The False Equivalence of Categorization as Thought
The most glaring flaw of Deep Learning is masked because our entire society has been indoctrinated into an ontology based on substance metaphysics. We assume a feature about cognition that is simply non-existent but we think is real because of our metaphysics. Let me explain!
The value of deep learning became apparent in 2012 when it began topping the leaderboards in image classification benchmarks. The proof of its usefulness was a consequence of its ability to perform image categorization.
This got everyone excited because categorization is thought of as being the core of cognition. This is a category error. We believe categorization is at the core because our philosophy is based on things. It’s substance based. It is not based on processes and relations.
The limitations of deep learning to accurately categorize its observations were revealed when adversarial attacks were discovered. This problem to this date has never been fixed. It perhaps never will because it’s fundamentally impossible. But many cannot see why it’s impossible.

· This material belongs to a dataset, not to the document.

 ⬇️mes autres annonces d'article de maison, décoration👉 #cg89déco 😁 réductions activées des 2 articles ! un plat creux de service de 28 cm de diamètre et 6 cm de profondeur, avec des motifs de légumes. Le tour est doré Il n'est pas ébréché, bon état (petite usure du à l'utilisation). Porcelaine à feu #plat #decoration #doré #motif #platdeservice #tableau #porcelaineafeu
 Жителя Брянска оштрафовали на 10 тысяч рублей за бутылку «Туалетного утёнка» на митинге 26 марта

This is because general intelligence is not based on categorization. Solving the categorization problem does not lead to general intelligence. In fact, the problem cannot be solved. The problem is an illusion that is generated as a consequence of our substance metaphysics.
Our messy world cannot be neatly arranged into hierarchical categories. This explains why we’ve all but abandoned ways to organize our bookmarks. It takes more work to maintain ontologies than we can extract utility out of them.

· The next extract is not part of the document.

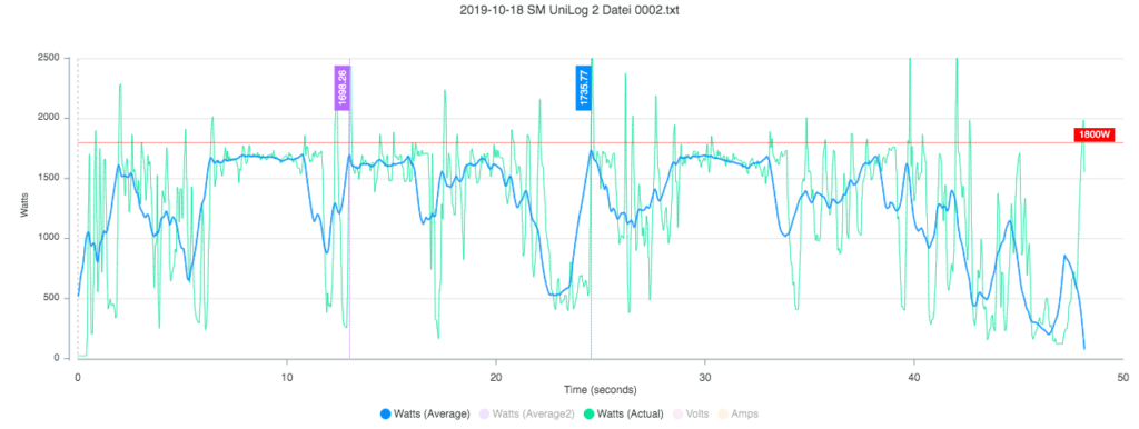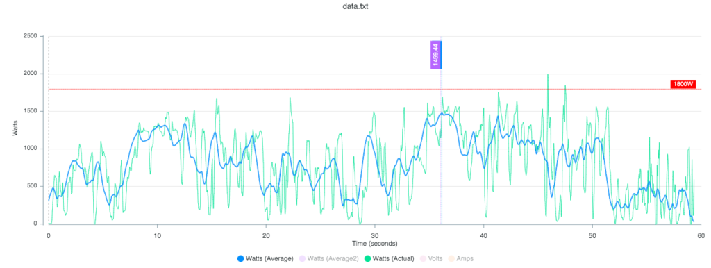 ↑これが Saqoosha の 2 日目の準々決勝シングルヒートのやつ。最大でも 1.46KW。全然スロットル入ってない。

How we measure progress in deep learning is very peculiar. We often delude ourselves that we can discover an objective mathematical measure that can indicate progress. Absent this, we base our measure on a finite data set as what benchmarks do.
This is also broken because DL algorithms learn to game the measure (see: Goodhart’s law). It’s often claimed that adversarial attacks are a consequence of flawed solutions that are discovered that satisfy the rewards set in training. An error in the robustness of our objectives.
We end up with a never-ending game of specifying objectives that are continuously circumvented by deep learning systems that are always seeking the easiest path to gaming the metrics. Our delusion has become endemic that we believe in the gospel “Reward is Enough”.
We also fail to realize that deep learning systems create solutions for induction and fluency that are different from humans. We have fiction that because these systems are capable, they must be doing what humans do. Deep learning artificial intuition is not like human intuition.
Today we have next-level systems based on transformer and diffusion architectures. These are generative models that can generate text and images that appear to have fluency that is difficult for humans to accept. We are seeing real signs of panic about the rapid emergence of AGI!
Unlike the convolution networks of the past, the capabilities of these generative systems were not discovered through a categorization leaderboard. Rather, they were discovered by humans “eye-balling” the results. They perform beyond our ability to invent a mathematical measure!
Generative systems avoid the categorization problem because they simply don’t attempt to do it. These language models exploit the statistical measures embedded in our language use. These systems discover the regularities found in human discourse.
As a side-effect, generative language systems are capable of conceptual blending. Diffusion architectures are the next big thing. I will argue though that we might have not realized its use without the prior invention of large language models.
When you play around with tools like Dall-E, you begin to get a sense of the composability of concepts. Human cognition infers concepts like “chair-ness” and “avocado-ness” such that we have a sense of the appropriate kind of blending.
Conceptual blending is fundamental to human thought. The current panic about AGI emergence is that language, and diffusion models are mimicking our cognitive ability to perform this. It’s freaking everyone out!
Human cognition does not revolve around categorization, rather, it’s based on just-in-time conceptual blending. Douglas Hofstadter identified this as analogy-making.
Deep Learning has bootstrapped its capabilities by exploiting human-generated artifacts found in text and images. But we should not be fooled by this mimicry. It is only replicating our habits. It is not replicating human cognition.
Neural network classifiers cannot explain why they infer a classification. They may distinguish a dog from a cat, but they can’t explain why. It’s what Daniel Dennett calls competence without comprehension.
How deep generators like GPT-3 or Dall-E can explain is still up for debate. There appear to be glimpses of explanatory capability in both systems. But it is like split-brain patients might have their left brain conjure up explanations disconnected from reality.
We should not mistake fluency for competence. Our civilization has indoctrinated us to value verbal competence over actual understanding. It is what @pmarca notes about the domination of “wordcels” over “shape rotators.”
What then comes after Artificial Fluency, not that it already exists in our midst? It is what can bridge the gap between autonomous intelligence and human-level abduction that is missing. We are very from either capability.
Perhaps it’s because centuries ago, civilization favored the utility of substance metaphysics to govern its population. We are on the wrong path. Perhaps we should have instead listened to the process philosophers. Maybe it’s time we should.